## Problem:
Copy only those lines which run from the line containing "The Ansett Pure" to the end of the entries below, both inclusive, exactly as written and with no pictures.

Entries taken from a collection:
====

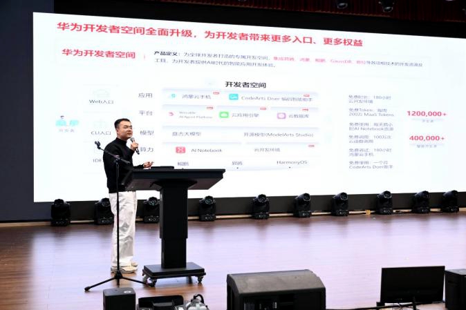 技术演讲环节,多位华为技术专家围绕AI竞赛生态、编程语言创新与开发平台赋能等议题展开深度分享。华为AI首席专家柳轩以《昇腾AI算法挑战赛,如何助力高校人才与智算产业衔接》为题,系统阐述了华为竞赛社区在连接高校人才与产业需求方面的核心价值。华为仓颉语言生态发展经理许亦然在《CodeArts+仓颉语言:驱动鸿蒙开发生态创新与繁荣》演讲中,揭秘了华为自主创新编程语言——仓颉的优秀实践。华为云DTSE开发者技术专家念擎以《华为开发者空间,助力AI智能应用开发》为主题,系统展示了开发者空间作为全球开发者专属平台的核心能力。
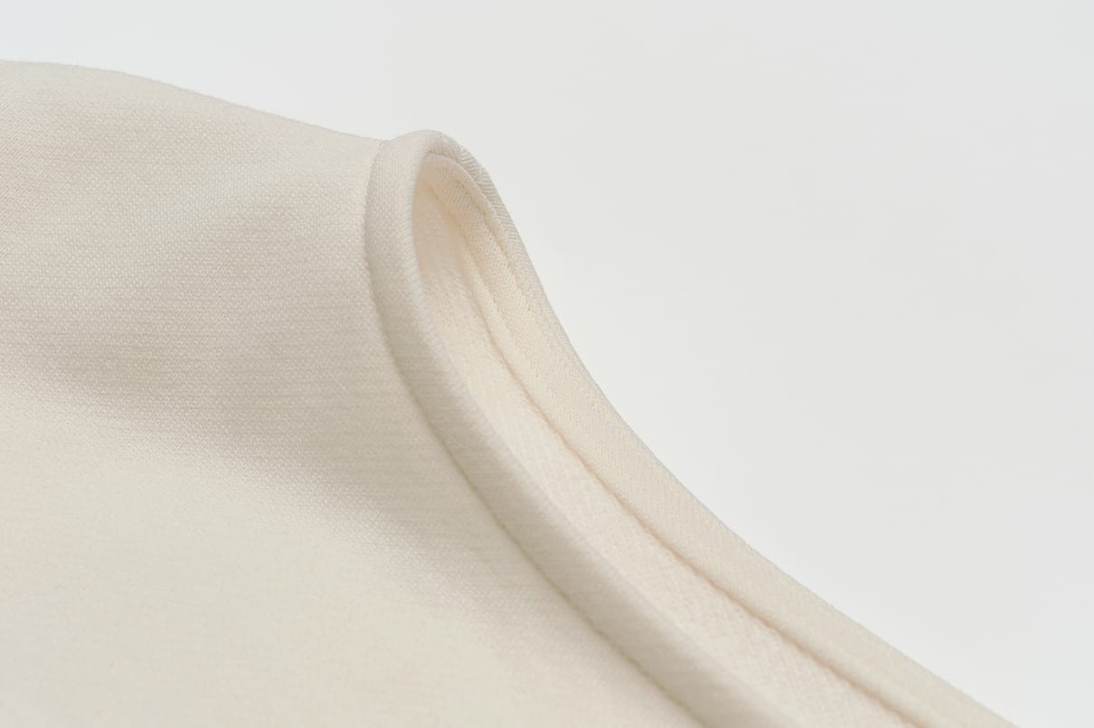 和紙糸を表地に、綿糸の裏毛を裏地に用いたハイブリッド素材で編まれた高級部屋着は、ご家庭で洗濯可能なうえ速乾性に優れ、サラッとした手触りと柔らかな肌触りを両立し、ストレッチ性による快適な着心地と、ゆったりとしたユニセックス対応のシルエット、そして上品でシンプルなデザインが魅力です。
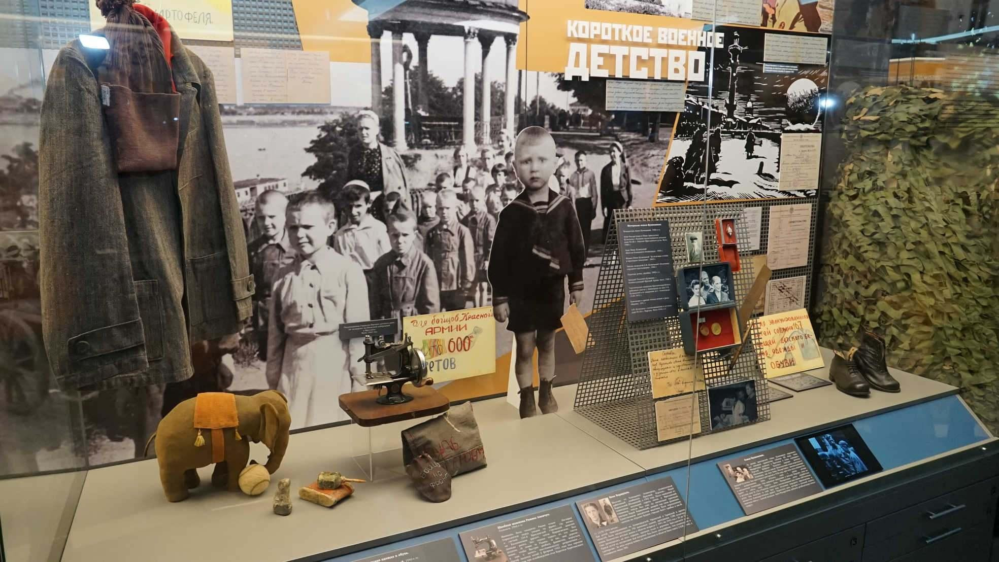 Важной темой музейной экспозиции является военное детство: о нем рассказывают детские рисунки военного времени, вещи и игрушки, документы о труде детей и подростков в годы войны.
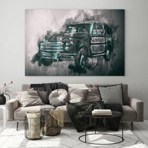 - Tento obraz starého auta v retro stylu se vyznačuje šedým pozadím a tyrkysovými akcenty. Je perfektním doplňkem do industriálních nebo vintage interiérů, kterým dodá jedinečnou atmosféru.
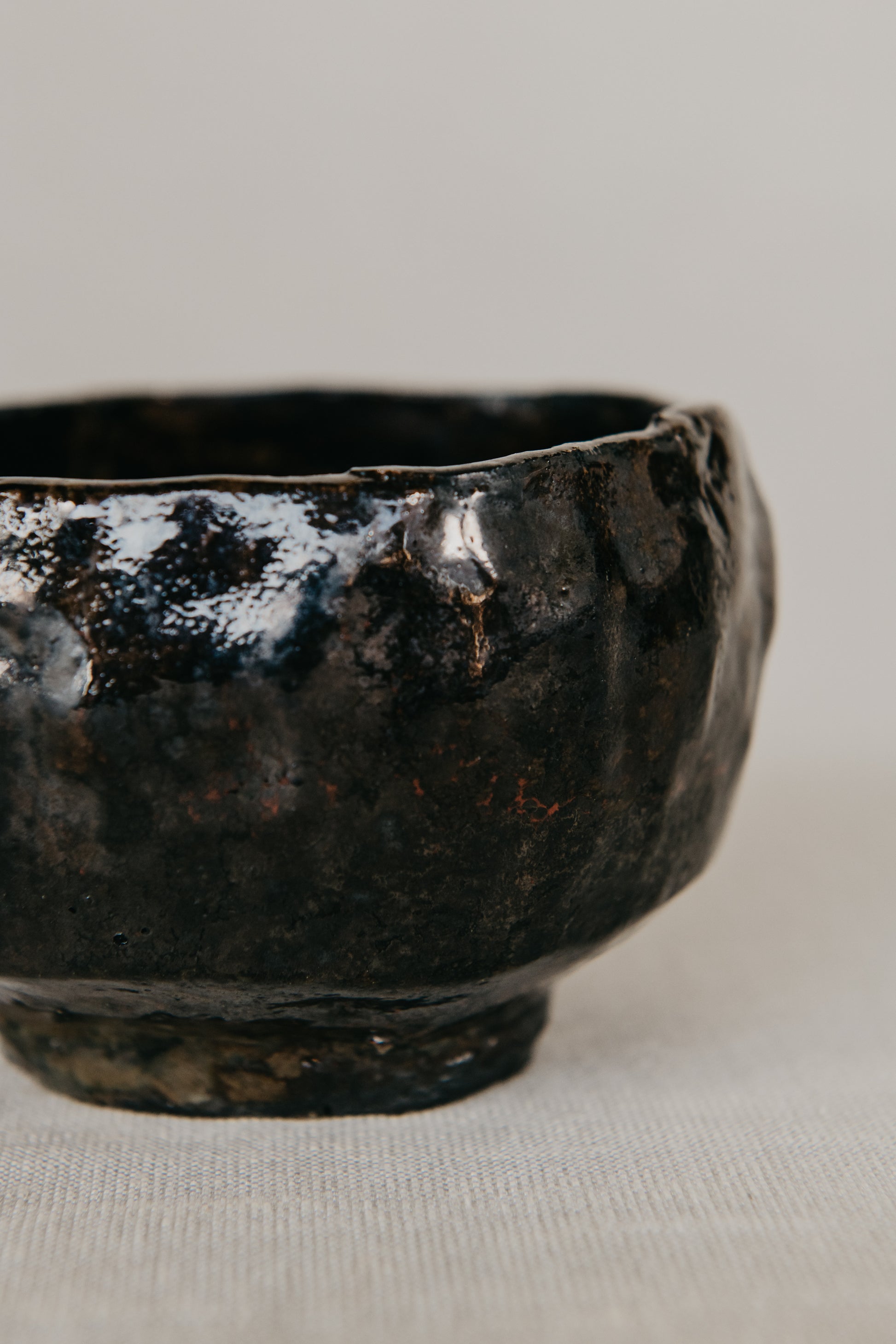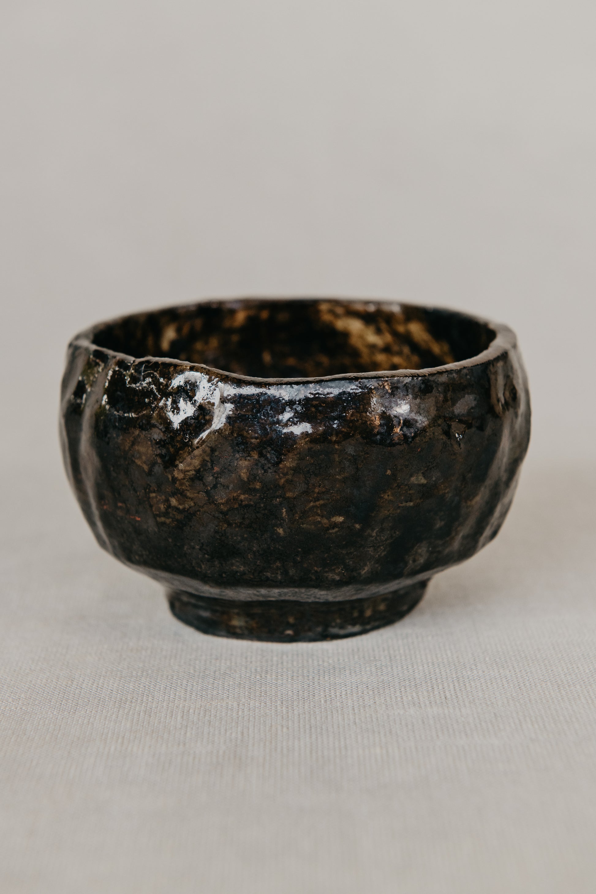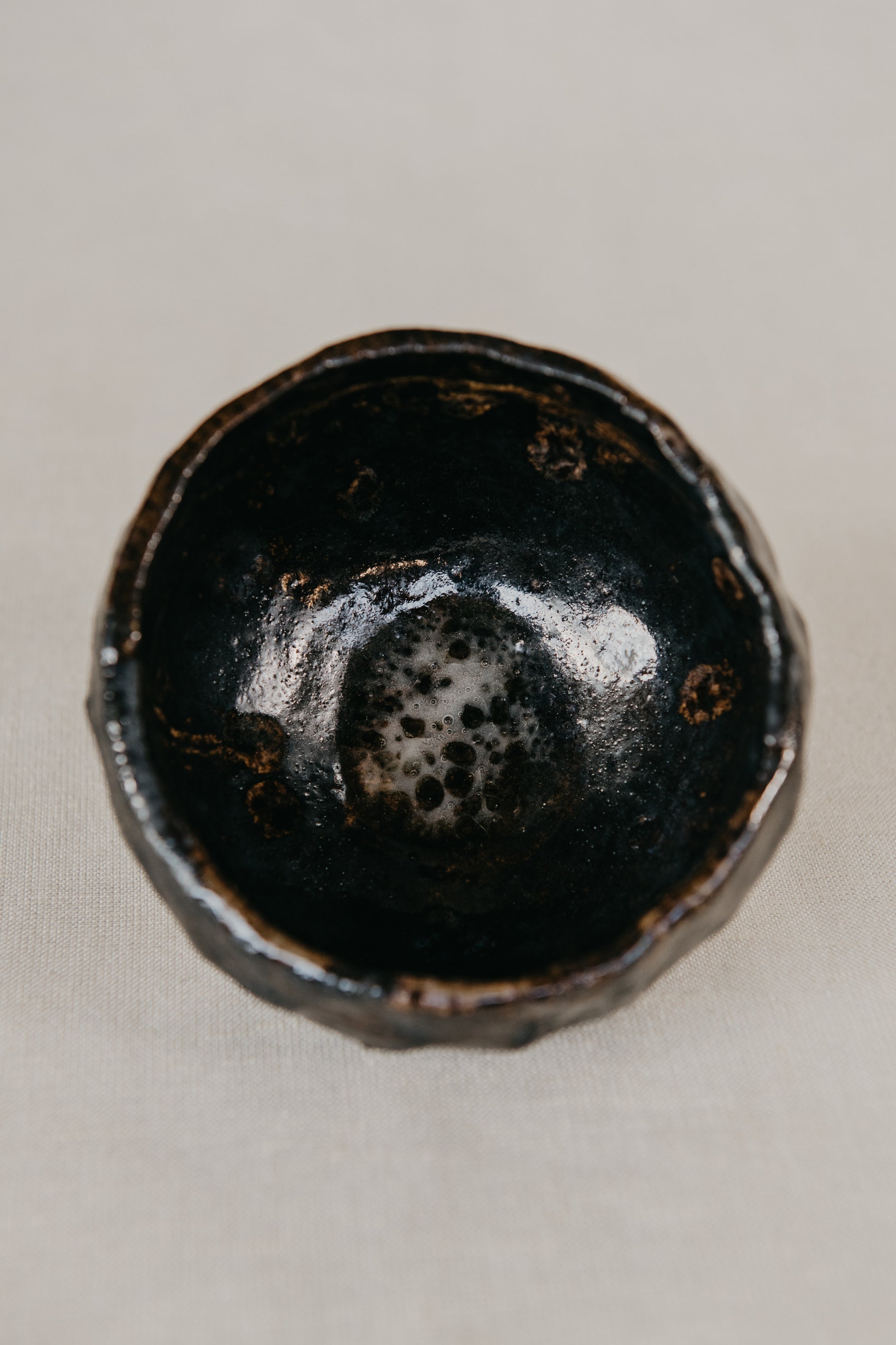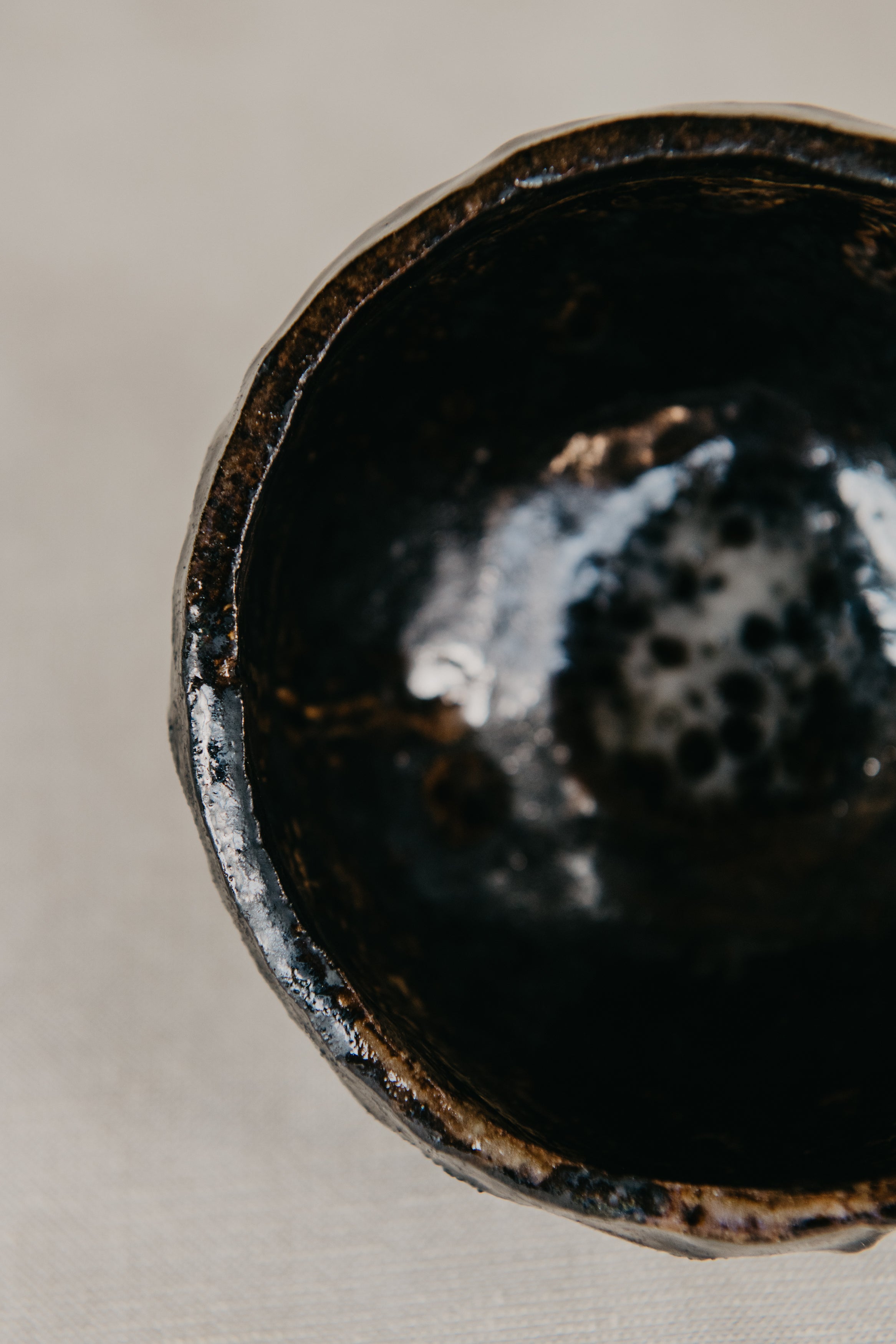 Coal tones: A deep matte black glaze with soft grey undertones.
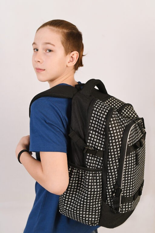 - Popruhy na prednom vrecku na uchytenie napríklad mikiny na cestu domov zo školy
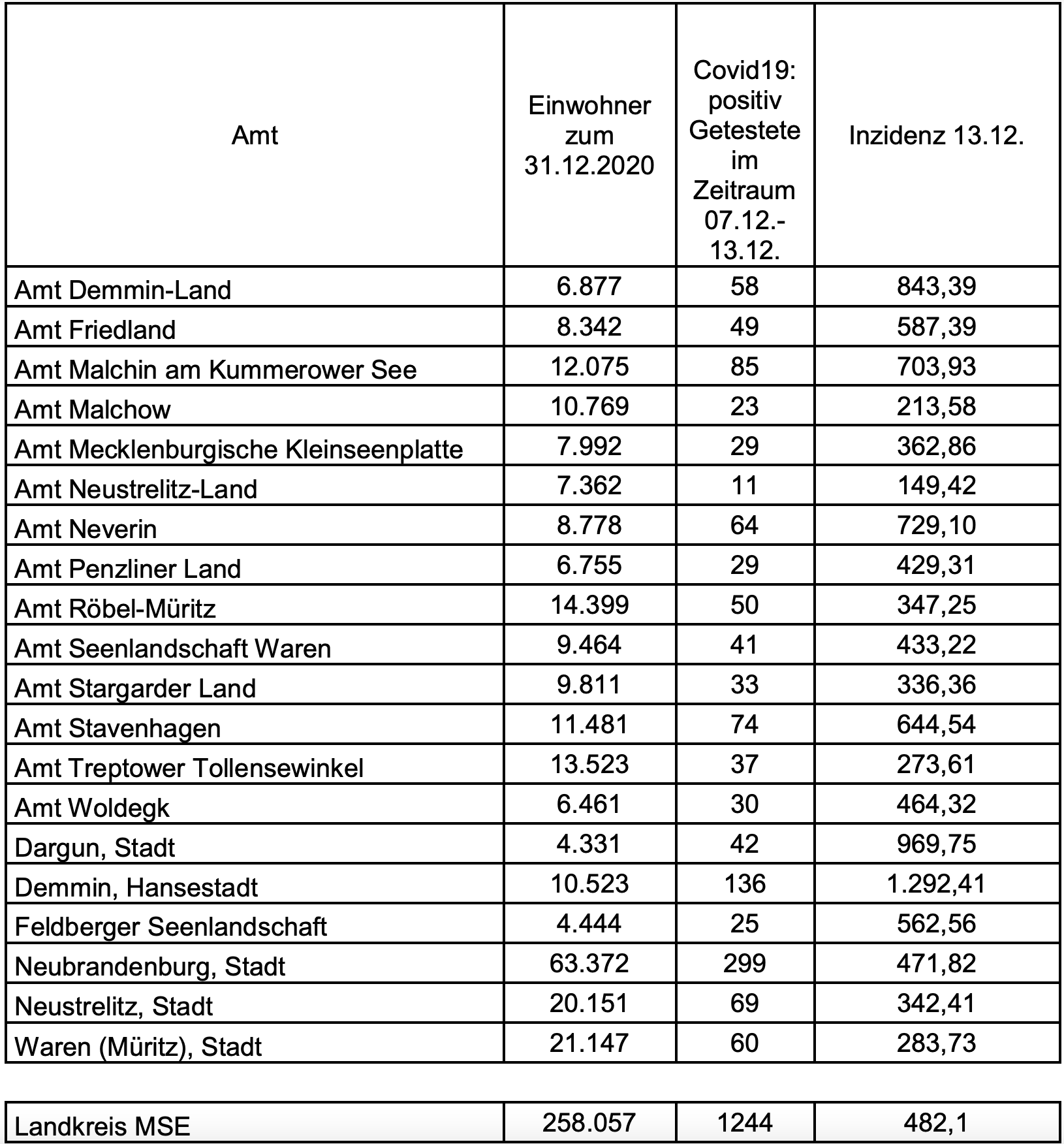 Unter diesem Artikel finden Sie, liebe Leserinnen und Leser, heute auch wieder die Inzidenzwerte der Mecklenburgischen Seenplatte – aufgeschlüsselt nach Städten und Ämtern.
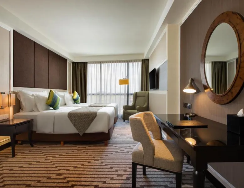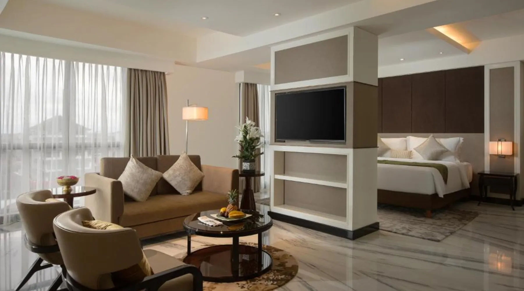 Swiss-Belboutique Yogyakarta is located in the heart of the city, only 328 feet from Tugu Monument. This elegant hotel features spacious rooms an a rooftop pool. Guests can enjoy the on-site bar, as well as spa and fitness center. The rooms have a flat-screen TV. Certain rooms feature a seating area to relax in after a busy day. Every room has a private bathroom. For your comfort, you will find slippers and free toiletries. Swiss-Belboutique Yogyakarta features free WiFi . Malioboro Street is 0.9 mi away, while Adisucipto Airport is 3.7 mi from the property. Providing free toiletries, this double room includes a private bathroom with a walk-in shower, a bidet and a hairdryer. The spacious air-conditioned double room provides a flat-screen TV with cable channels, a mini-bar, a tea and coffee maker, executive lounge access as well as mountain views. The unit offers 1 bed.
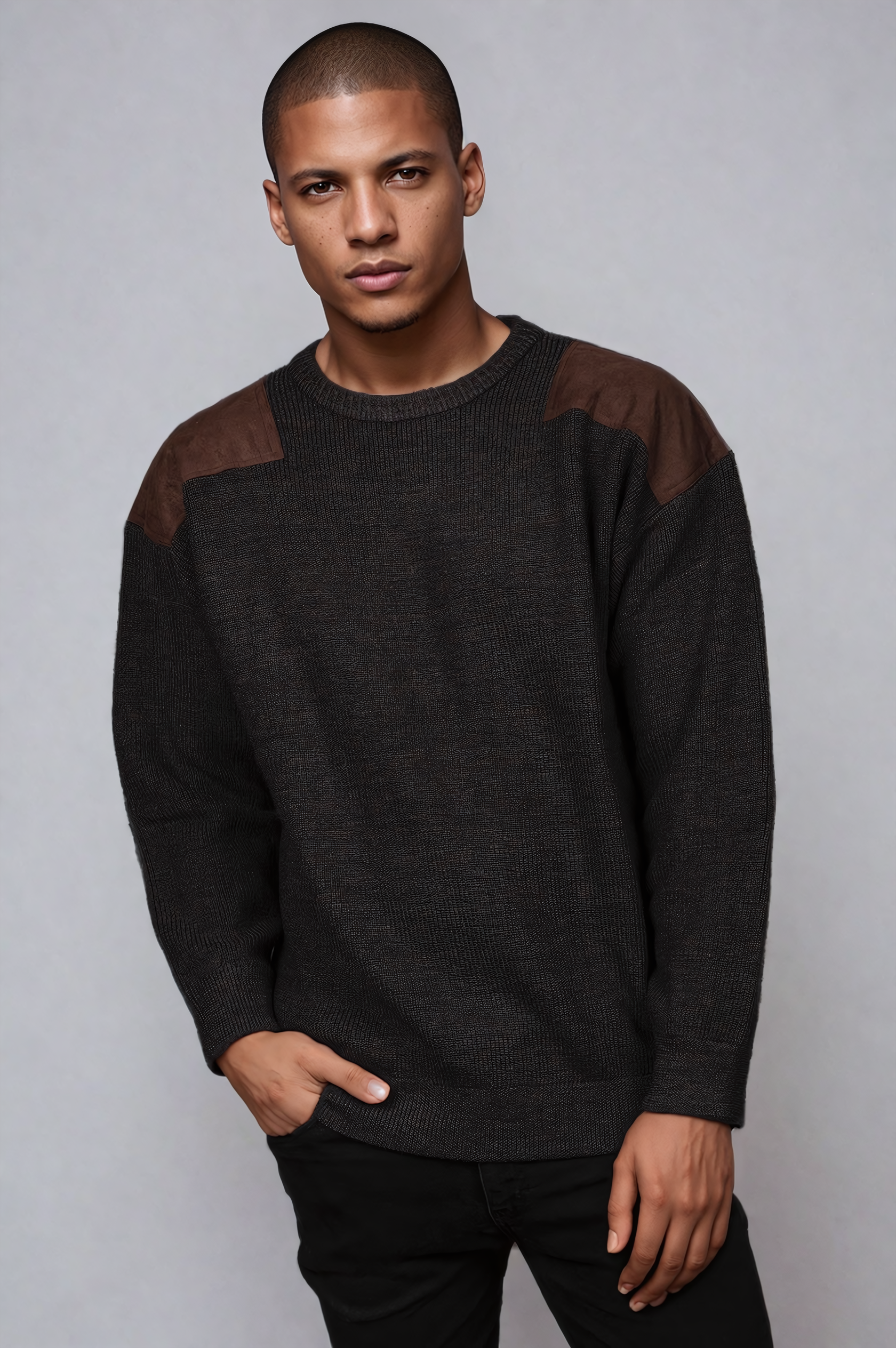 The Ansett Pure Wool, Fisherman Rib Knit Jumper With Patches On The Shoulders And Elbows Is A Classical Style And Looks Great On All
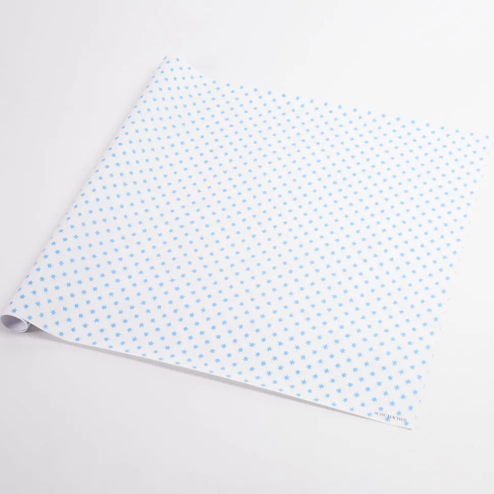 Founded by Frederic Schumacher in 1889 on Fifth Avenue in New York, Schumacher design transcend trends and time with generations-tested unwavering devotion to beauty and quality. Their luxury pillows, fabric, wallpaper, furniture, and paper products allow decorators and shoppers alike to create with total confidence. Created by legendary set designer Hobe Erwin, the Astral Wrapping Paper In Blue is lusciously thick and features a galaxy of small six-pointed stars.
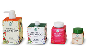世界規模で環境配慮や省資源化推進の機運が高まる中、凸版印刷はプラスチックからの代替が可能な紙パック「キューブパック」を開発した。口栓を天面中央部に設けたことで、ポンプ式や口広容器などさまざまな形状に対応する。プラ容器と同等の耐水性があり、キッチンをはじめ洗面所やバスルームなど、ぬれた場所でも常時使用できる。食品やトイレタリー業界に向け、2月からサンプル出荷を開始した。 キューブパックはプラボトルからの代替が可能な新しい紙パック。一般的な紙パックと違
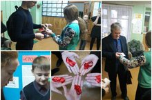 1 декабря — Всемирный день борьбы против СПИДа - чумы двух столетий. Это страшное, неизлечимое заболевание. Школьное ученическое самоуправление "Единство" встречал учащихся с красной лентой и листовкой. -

====

## Response area:
 The Ansett Pure Wool, Fisherman Rib Knit Jumper With Patches On The Shoulders And Elbows Is A Classical Style And Looks Great On All
 Founded by Frederic Schumacher in 1889 on Fifth Avenue in New York, Schumacher design transcend trends and time with generations-tested unwavering devotion to beauty and quality. Their luxury pillows, fabric, wallpaper, furniture, and paper products allow decorators and shoppers alike to create with total confidence. Created by legendary set designer Hobe Erwin, the Astral Wrapping Paper In Blue is lusciously thick and features a galaxy of small six-pointed stars.
世界規模で環境配慮や省資源化推進の機運が高まる中、凸版印刷はプラスチックからの代替が可能な紙パック「キューブパック」を開発した。口栓を天面中央部に設けたことで、ポンプ式や口広容器などさまざまな形状に対応する。プラ容器と同等の耐水性があり、キッチンをはじめ洗面所やバスルームなど、ぬれた場所でも常時使用できる。食品やトイレタリー業界に向け、2月からサンプル出荷を開始した。 キューブパックはプラボトルからの代替が可能な新しい紙パック。一般的な紙パックと違
 1 декабря — Всемирный день борьбы против СПИДа - чумы двух столетий. Это страшное, неизлечимое заболевание. Школьное ученическое самоуправление "Единство" встречал учащихся с красной лентой и листовкой. -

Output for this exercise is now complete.